◆ **EXERCISE INPUT**:

==================================================

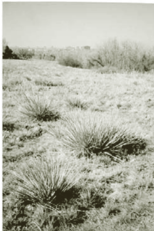
Babi Yar Natural Area, Denver, Colorado

DNAP goals include educating the public to appreciate these hidden gems of nature within the city, and to promote land stewardship by changing the mindset of open land as storage dumps or groomed lawns. Future goals include working with Urban Drainage to naturalize channelization of creeks and restore stream banks. They could use your help as a volunteer or to call or write a letter of support for their efforts to your City Council members and the mayor. Get out and enjoy your sense of place in Denver!
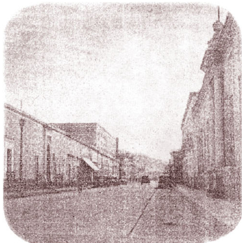
Agents also operate out of Hermosillo
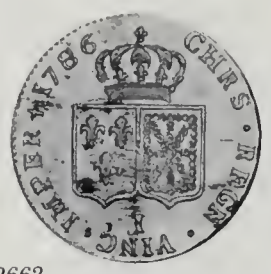
Lot No. 2662
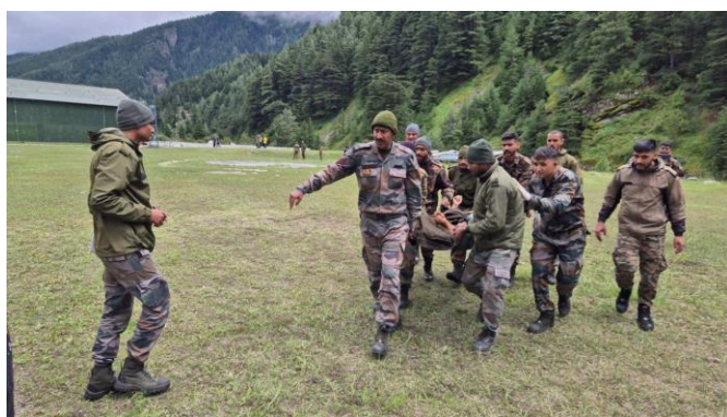
Rescue operations in Uttarakhand
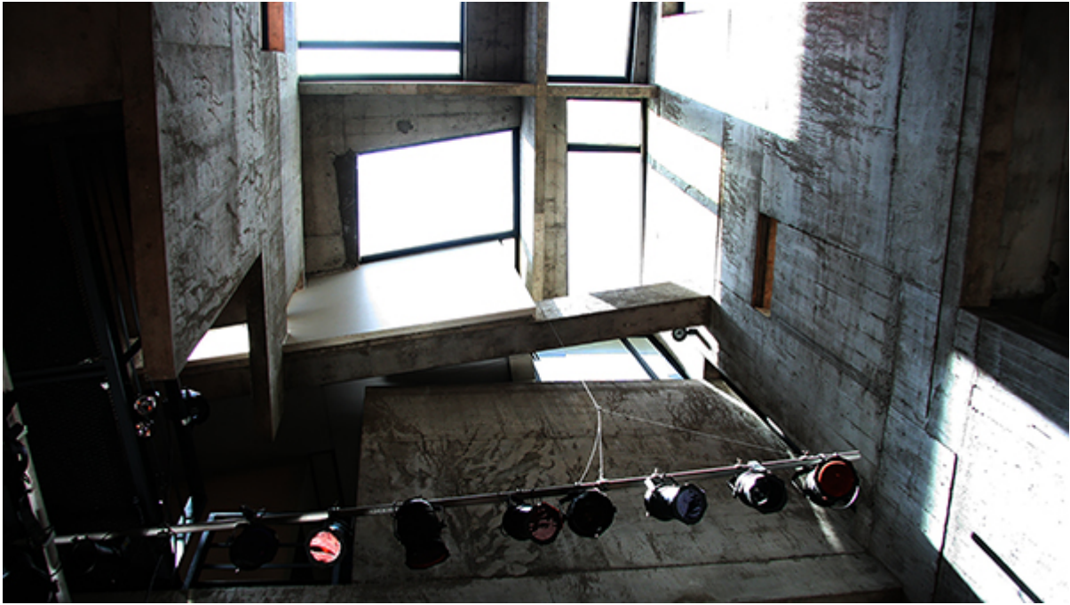
Xul Solar Museum – Detail

==================================================

◆ **TRY IT**:
In the records above, find the line containing "Rescue operations in Uttarakhand", then write out exactly that line and every later one through the last, omitting pictures.

◆ **RESPONSE BOX**:
Rescue operations in Uttarakhand
Xul Solar Museum – Detail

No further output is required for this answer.